PROBLEM REQUIREMENTS: Whenever a picture appears in the listing below, leave it out, and copy exactly the lines from the one containing "参观完双清别墅陈列馆,预备党" through the end.

DATASET EXCERPT:
^^^^^^^^^^^^^^^^

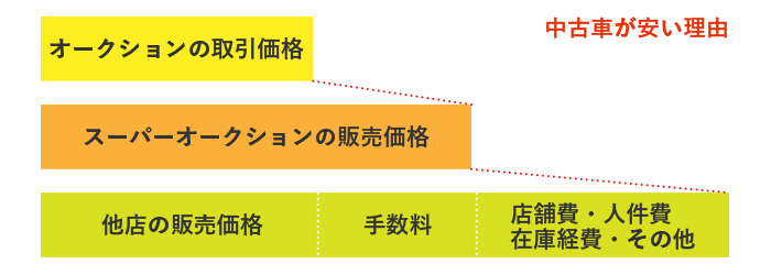 いただくのはオークション手数料のみ。店舗費や在庫経費等の費用がかからない分、お客様により安く中古車をご提供するこが出来るのです。
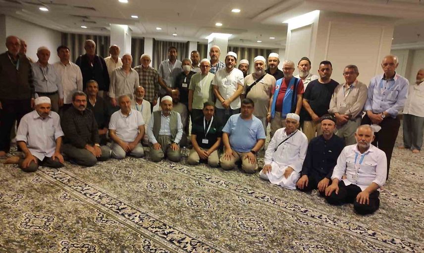 Umre ziyaretleri sırasında yatsı namazının ardından düzenlenen programa, çeşitli kafilelerin başkanları ve din görevlileri katıldı. Yemek masalarında gerçekleşen bu programda, katılımcılar Kur’an-ı Kerim tilavetleri ve ilahiler dinlediler.
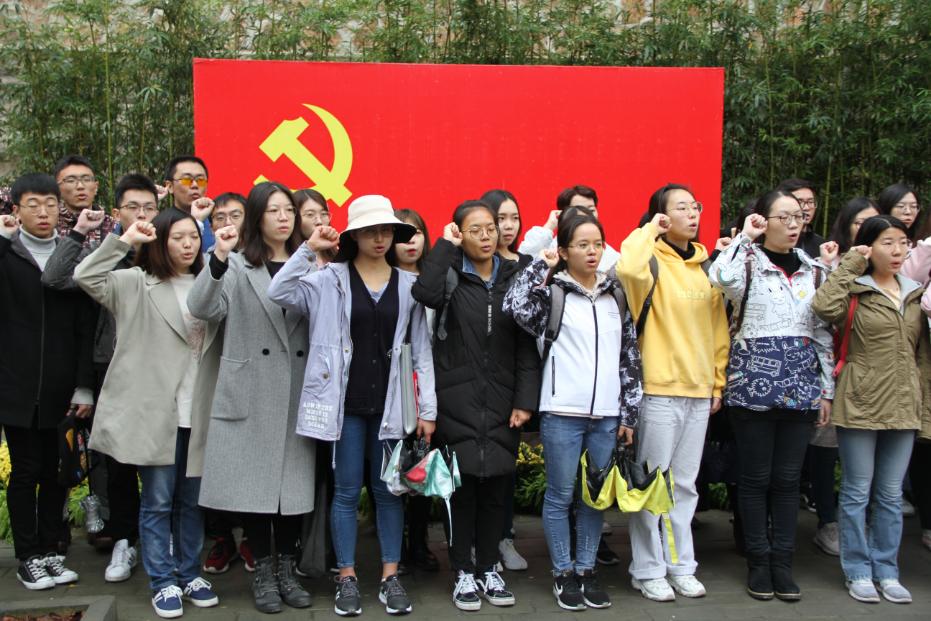 参观完双清别墅陈列馆,预备党员们走下石阶,来到庭院下方的战略指挥中心旧址。旧址前的院坝中央,一棵参天大树傲然挺立,靠山一侧则放置有一面党旗。全体预备党员聚集在党旗前齐唱《国际歌》,嘹亮的歌声在山间久久回荡。随后,全体党员正对党旗举起右拳,在学生党建工作部组织部部长冯嘉诚的带领下庄严宣誓:“我志愿加入中国共产党,拥护党的纲领,遵守党的章程,履行党员义务,执行党的决定,严守党的纪律,保守党的秘密,对党忠诚,积极工作,为共产主义奋斗终身,随时准备为党和人民牺牲一切,永不叛党。”声音铿锵有力,令人动容。宣誓活动结束后,全体预备党员徒步下山,于18时返回学校。
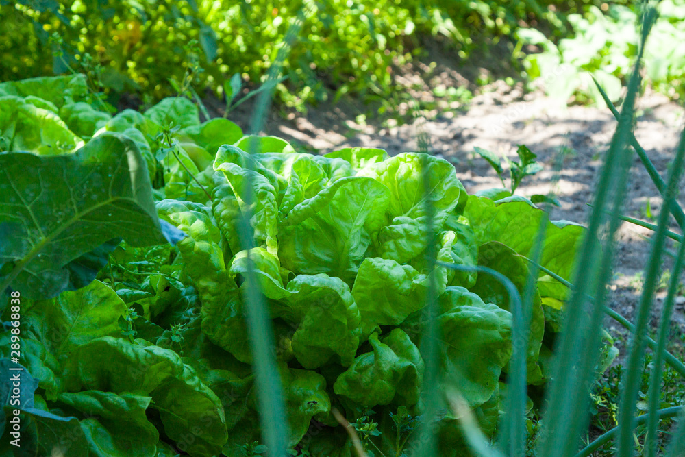 summer salad in the garden in flower bed

^^^^^^^^^^^^^^^^

TASK RESPONSE:
 参观完双清别墅陈列馆,预备党员们走下石阶,来到庭院下方的战略指挥中心旧址。旧址前的院坝中央,一棵参天大树傲然挺立,靠山一侧则放置有一面党旗。全体预备党员聚集在党旗前齐唱《国际歌》,嘹亮的歌声在山间久久回荡。随后,全体党员正对党旗举起右拳,在学生党建工作部组织部部长冯嘉诚的带领下庄严宣誓:“我志愿加入中国共产党,拥护党的纲领,遵守党的章程,履行党员义务,执行党的决定,严守党的纪律,保守党的秘密,对党忠诚,积极工作,为共产主义奋斗终身,随时准备为党和人民牺牲一切,永不叛党。”声音铿锵有力,令人动容。宣誓活动结束后,全体预备党员徒步下山,于18时返回学校。
 summer salad in the garden in flower bed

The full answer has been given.